If his prisoner had been in solitary before, the prospect of suffering it again would terrify him. Solitary confinement was one of the worst tortures ever conceived.
But that required this Bosnian tough guy to truly believe that it was happening to him. Suddenly. Out of nowhere.
Beck waited a few more moments to see if the man would ask him a question, curse him, yell at him, plead with him. Nothing.
Shit, thought Beck. He doesn’t believe it.
Beck put it aside. He concentrated on looking at the man in the cell as someone who had been part of a force gathered to kill, or maim him. Or do that to his friends. Beck pictured the man attacking him. Shooting him. Or striking with a knife or bat. He worked at connecting the man in the cage with pain that could have ended his life. Or the lives of the others.

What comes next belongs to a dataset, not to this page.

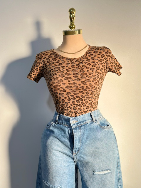 ناموجودکراپ نیمه آستین پلنگی یقه گرد پنبه کبریتی
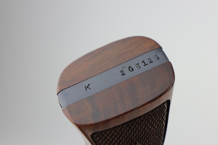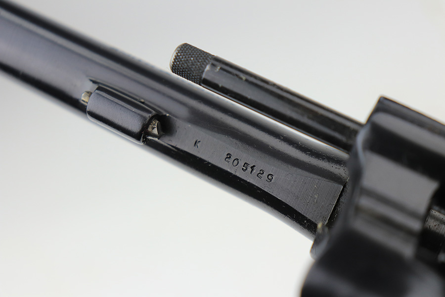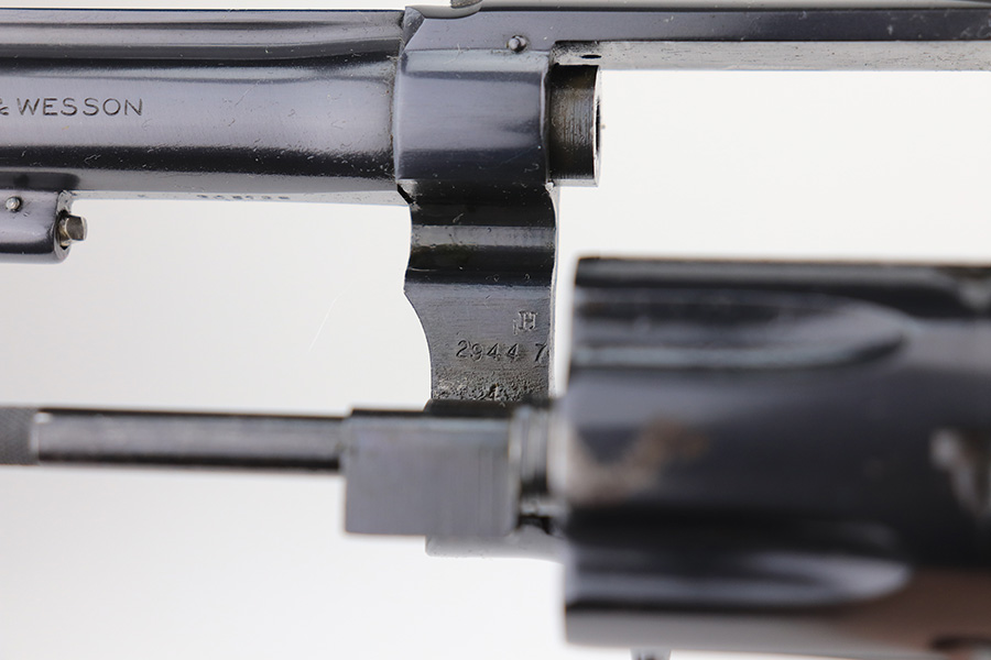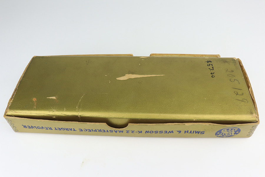 2/22/22 – This is a minty, original Smith & Wesson K-22 Masterpiece in its original box. Made in 1954, the gun has just a spot of finish loss on the cylinder and top of frame, where maybe a little moisture got on the gun. Otherwise, it hardly has a turn line on the cylinder. Beautiful case hardening on the hammer and trigger. Sharply checkered grips with right panel correctly numbered and matching to the gun. Original box is hand-numbered on the bottom and matching to the gun. Correct, early gold S&W box.

Beck stared at Sukol and imagined the Bosnian kicking him in the face. Breaking his teeth. Maybe stomping out an eye. He thought about fists and feet slamming into his back, ribs, head. Beck thought about the pain. About the number of agonizing days he might have suffered. About the certainty of permanent damage.
The hate welled up. The mercy leached out. And the Bosnian saw it happen right before him. He saw Beck’s face. He was ready to believe it now.
It seemed that the man was about to say something, but right at that moment Beck turned and walked back toward the opening in the far wall, his footsteps echoing off the concrete floor, filling the cold, forlorn, unidentifiable space behind him with the sound of his retreating steps. Empty save for the dim lights and the meat-grinding equipment.
When Beck reached the opening in the wall, he stopped to place four fingers over four light switches. With one move, he flipped all of them down.
The fluorescent ceiling fixtures all went off, plunging the entire space into darkness so deep and profound that he knew Gregor’s man would not be able to see his hand in front of his face.
As he ducked into the opening Beck heard the man cry out, “Wait. Stop.”
Beck grimaced. Nope. No stopping now.